Seguindo sempre rumo ao norte de Minas Gerais, passei por Itacambira, Botumirim – onde almocei com o prefeito e dei entrevista para a tevê. Segui para Cristália e enfim cheguei na cidade histórica de Grão Mogol. Fui muito bem recebido, havia pessoas me esperando, pois sabiam que a expedição iria passar por lá. Tive muito apoio e carinho nessa cidade. Grão Mogol é um vilarejo construído sobre o cascalho do diamante. Muitas casas são de pedra e as histórias do Barão de Grão Mogol ainda ecoam em suas ruas e vielas. Para minha sorte – ou azar – foi em Grão Mogol que senti muito o joelho. Onde fiquei hospedado, havia um grupo de médicos que atuavam na cidade e um deles me aconselhou: “Se você quiser terminar sua expedição, é melhor parar por cinco dias, descansar, tomar anti-inflamatório e aplicar gelo...” Como eu estava bem instalado e recebendo apoio da Prefeitura, decidi escutar o doutor e realizar o tratamento.

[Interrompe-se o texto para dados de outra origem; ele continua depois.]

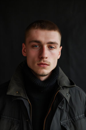 Portrait of a young man in a black jacket on a black background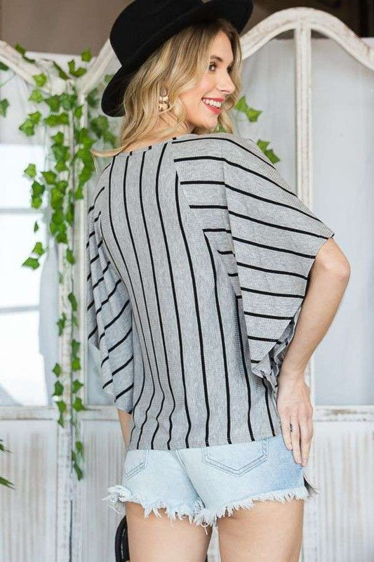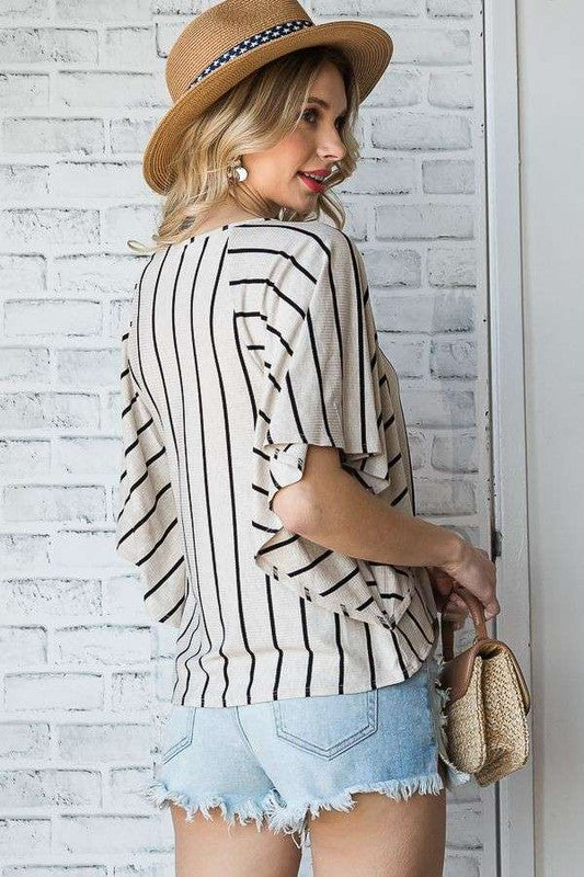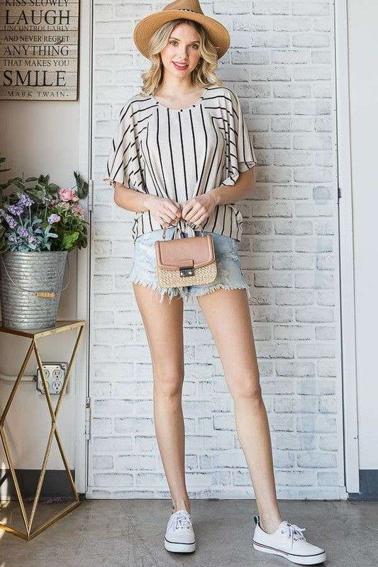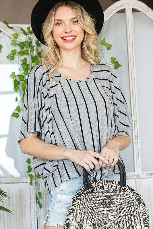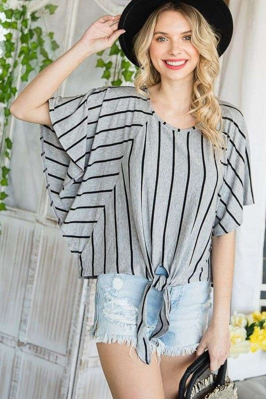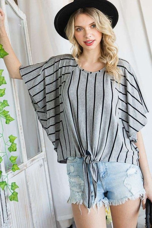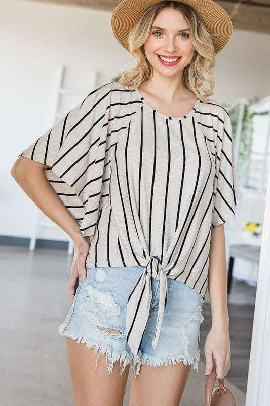 STRIPE PRINT TIED HEMLINE OF THIS RELAXED TOP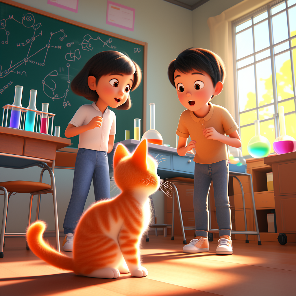 正当樱樱准备给象彩彩介绍望远镜的使用方法时,教室门被推开了。"樱樱?你怎么来学校了?"是樱樱的同桌小明。"我在带我的朋友参观!"樱樱开心地说,"这是象彩彩。"小明惊讶地看着象彩彩:"哇!好漂亮的猫咪!它的毛发怎么会是彩虹色的?"象彩彩友好地"喵"了一声,在小明面前优雅地转了个圈,逗得两个小朋友哈哈大笑。
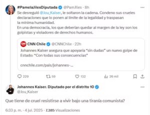 En una entrevista que generó amplia controversia, Kaiser declaró que “sin duda” apoyaría un nuevo golpe militar en Chile si se repitieran las condiciones de 1973, afirmando que asumiría “con todas las consecuencias”.

Depois de cinco dias de molho, estava apto a pedalar novamente e muito agradecido a toda a comunidade de Grão Mogol, especialmente ao Paulinho, o ciclista do Cerrado, que organizou tudo para mim nessa cidade.


Paulinho, o ciclista do Cerrado, um grande amigo que fiz na Expedição

Chegando ao final da segunda etapa, ainda passei por mais dois parques estaduais, o de Grão Mogol e o Serra Nova. Essa região está localizada no polígono das secas, mas, para minha sorte e de todos os moradores da região, a chuva havia caído algumas semanas antes. Tudo estava bem verdinho, e as cachoeiras, cheias.

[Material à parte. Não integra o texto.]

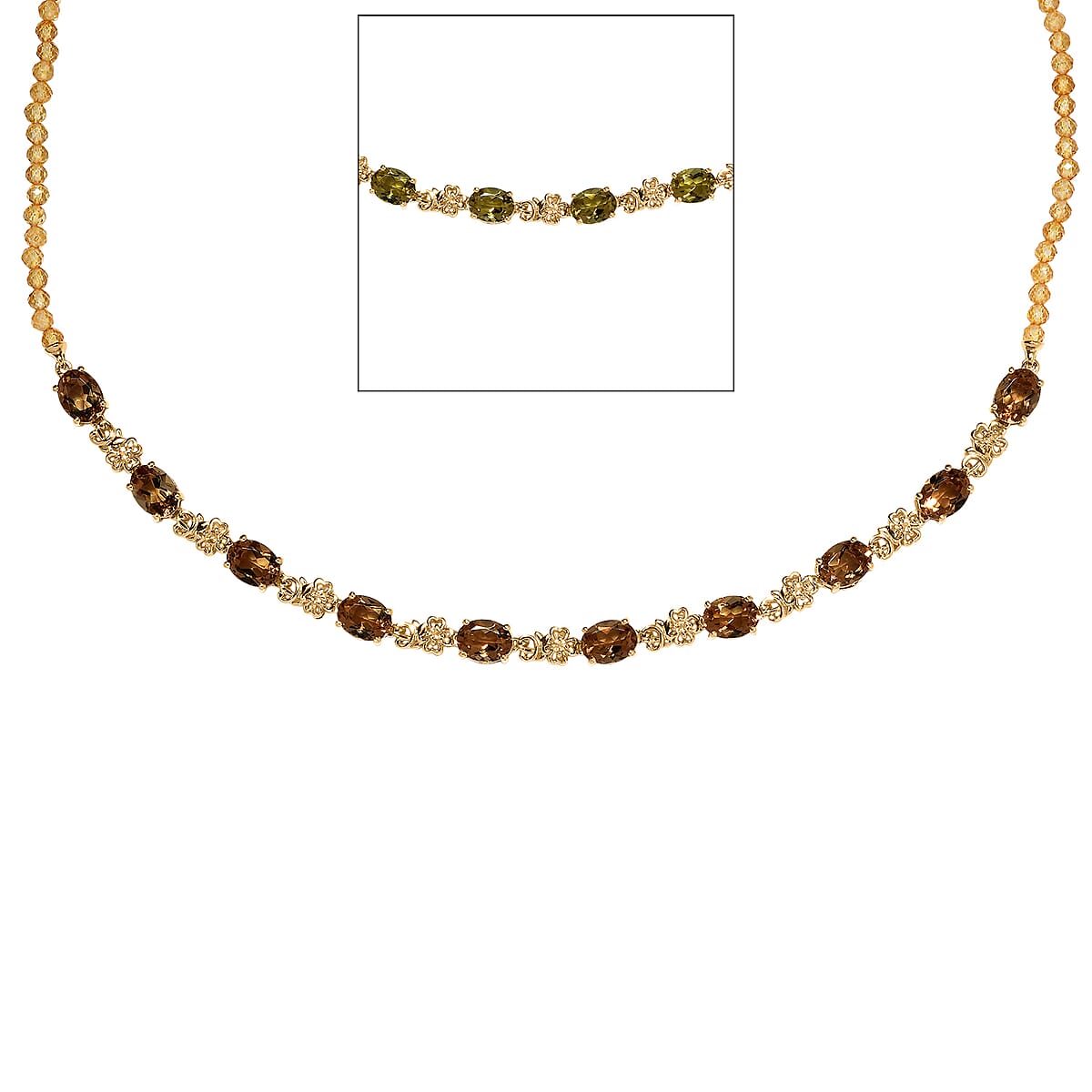 EverTrue Autumn Alexite and Brazilian Citrine 30.75 ctw Blossom Necklace in 18K YG Plated 18-20 Inches

Cachoeira do Cerrado, Parque Estadual Serra Nova

Comecei a me despedir de Minas Gerais e de seu povo tão hospitaleiro e generoso. E a generosidade mineira mostrou sua força até o final. As últimas três cidades antes de cruzar a divisa com a Bahia são Mato Verde, Monte Azul e Espinosa. Num posto de gasolina de beira de estrada parei para tomar uma água. Um rapaz se aproximou, fez as perguntas costumeiras e incluiu mais uma: “Sua bicicleta precisa de um tratamento, não?”. A Jack é uma guerreira, quase não me deu problemas, mas depois de 1.000 km de estradas de todos os tipos, carregando 40 kg só de equipamentos, quatro raios da roda traseira já haviam quebrado e a roda estava empenadíssima, tanto que tinha soltado o freio para poder pedalar. Concordei com o rapaz: “É, minha bicicleta precisa de uma manutenção...” Para minha surpresa, Bruno é ciclista, tem uma oficina de bicicleta na casa dele e se dispôs a arrumar a Jack de graça!

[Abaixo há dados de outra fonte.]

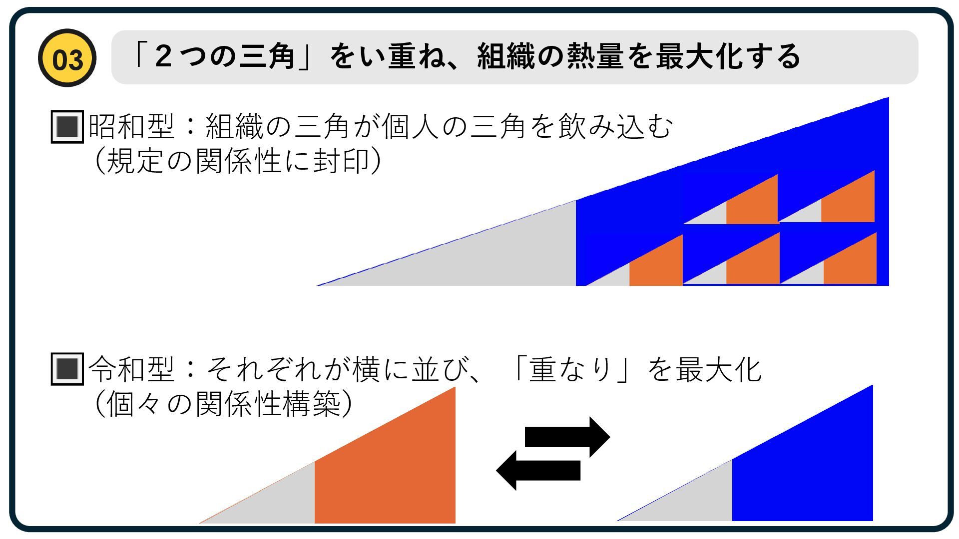 03 昭和型:組織の三角が個人の三角を飲み込む (規定の関係性に封印) 令和型:それぞれが横に並び、「重なり」を最大化 (個々の関係性構築) 「2つの三角」をい重ね、組織の熱量を最大化する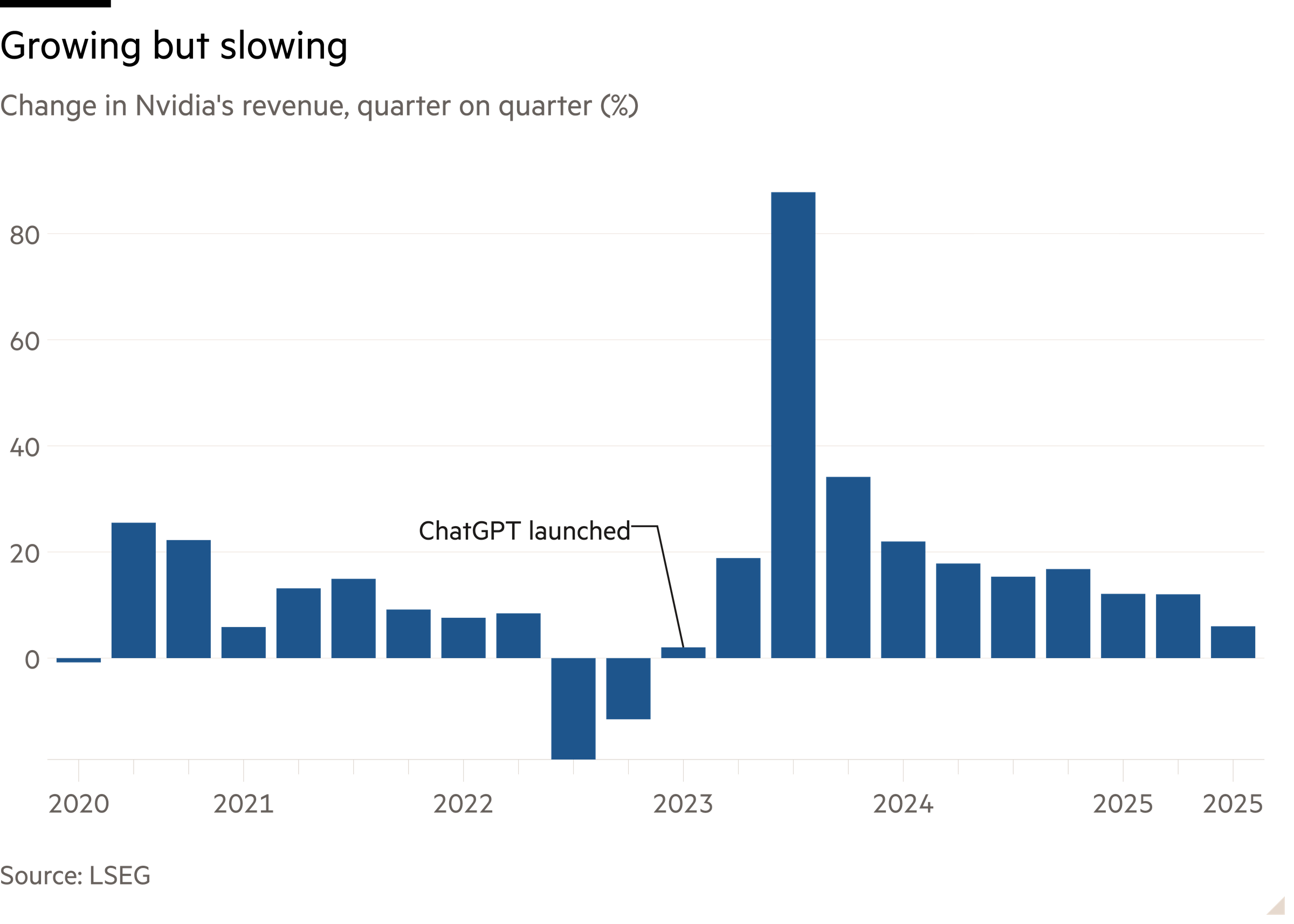 The dominant maker of chips for artificial intelligence beat estimates for both revenue and profit in its most recent financial quarter. But as Nvidia gets bigger, overachievement gets harder. Revenue of $47bn grew smartly, but at the slowest sequential rate since late 2022, when the launch of ChatGPT sparked AI mania.

Um dos anjos que me ajudaram na Expedição, Bruno de Monte Azul

Em Espinosa, a última cidade de Minas Gerais, recebi o apoio e o carinho da família Castro, onde ganhei almoço, pouso e ainda assisti a uma partida de futebol da liga regional, coisa séria! Depois de me despedir dessa família maravilhosa, segui rumo à divisa com a Bahia.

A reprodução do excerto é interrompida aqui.